Page 30 of Number9dream


  “Your problems with the store, of course.”

  “Shooting Star? None I know of.”

  “None?”

  “Not one.”

  “Oh.”

  “Get back to paradise, Buntaro.”

  I try to get back to sleep—I was talking with Ai until after three A.M.— but my mind is moving up its gears. FUJIFILM says 07:45. Cat laps water and leaves for work. I doodle blues chords for some time, smoke my last three Lucky Strikes, eat yogurt—after spooning out a mold colony—and listen to Milk and Honey. My favorite track on this one has always been “Borrowed Time.” A kite of sunlight settles on Anju.

  For two days she was classed as missing, but nobody was cruel enough to tell me not to give up hope. True, tourists go missing on Yakushima all the time, and often turn up—or get rescued—a day or two later. But locals are never so stupid, not even local eleven-year-olds—we all knew Anju had drowned. No goodbye, just gone. My grandmother aged ten years by the following morning, and looked at me as if she scarcely knew me.

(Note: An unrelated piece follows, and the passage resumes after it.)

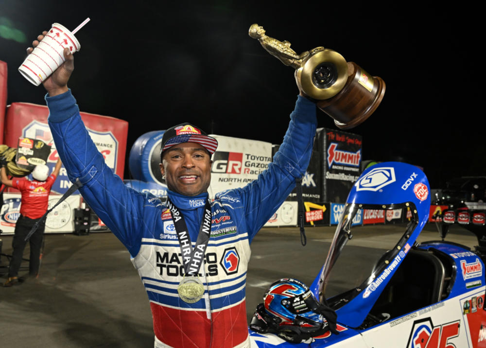 Then, we have Antron Brown. The long-time Top Fuel racer, champion in 2012, 2015, and 2016, won his fourth series title in 2024. Antron counted on crew chief Brian Corradi to tune the AB Racing Matco Tools Top Fuel Dragster for the performance and consistency needed to win six National Events on the way to the title.
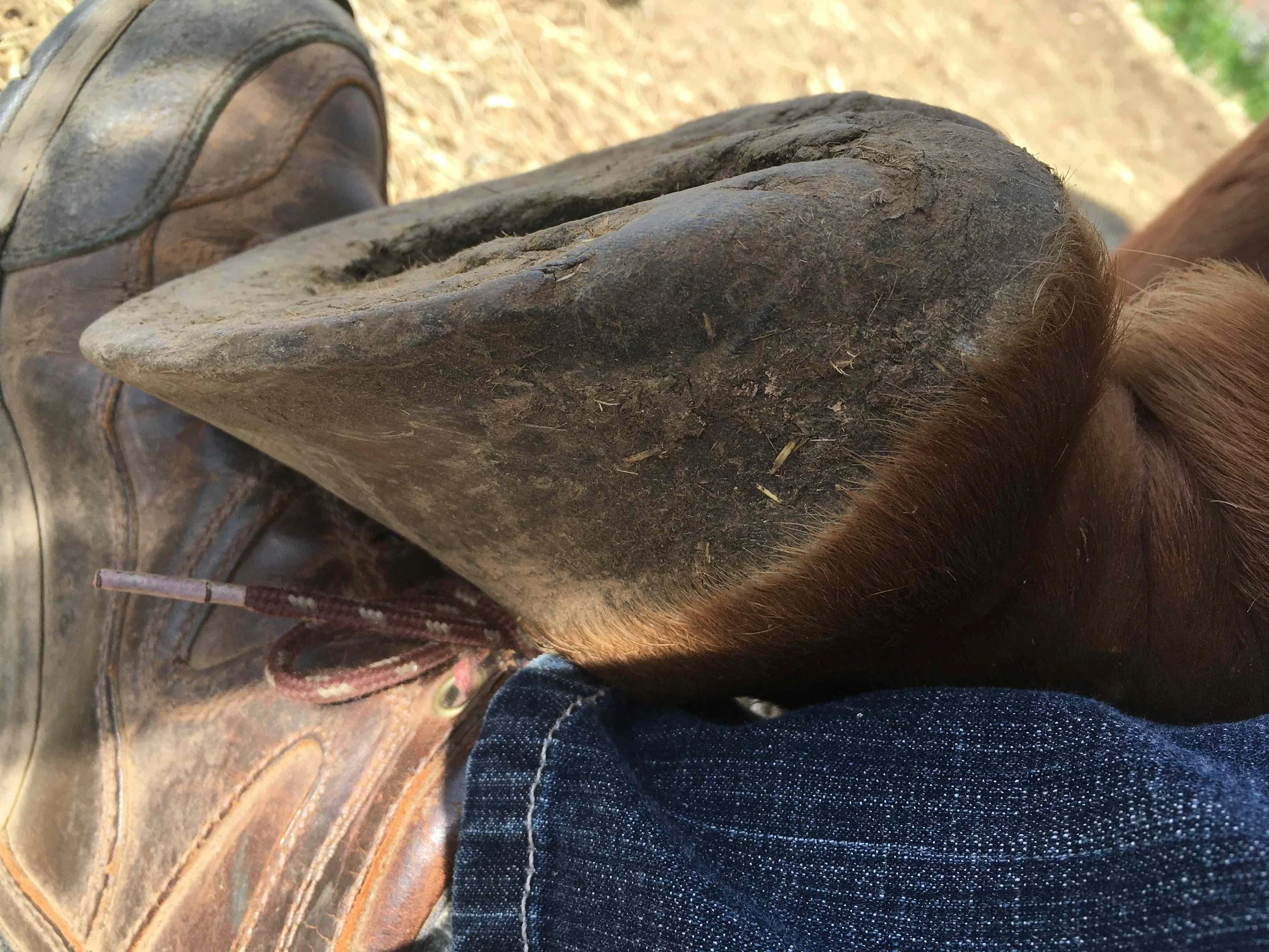 Clients of mine acquired Dee, a Horse Quarter mare in her teens, with apparent discomfort in the back of the left front. She held this leg buckled. She had worn her toes pathologically short.

There was no big scene when I left that day. I remember her at the kitchen table. Her face was twisted in a new way. She told me that if I hadn’t gone to Kagoshima, her granddaughter would still be alive. Which I thought—and still think—is only too true. It was not the bitter change in my grandmother that made me leave, however, but Anju’s clothes and toys and books. The pain was unbearable. I walked to Uncle Orange’s farmhouse and my aunt cleared a corner for me to sleep in. Officer Kuma called round the evening after to tell me the search for Anju’s body had been called off. My Orange cousins are all older girls, and they decided I needed nursing through my grief—they kept saying it was okay to cry, that they understood how I felt, that Anju dying wasn’t my fault, that I had always been a good brother. Sympathy was also unbearable. I had swapped my sister for a never-to-be-repeated goal. So I ran away. Running away on Yakushima is simple—you leave before the old women stir and the fog goes back to the sea, tread quietly through the weatherboarded alleyways, cross the coast road, skirt the tea fields and orange orchards, set a farm dog barking, enter the forest, and start climbing.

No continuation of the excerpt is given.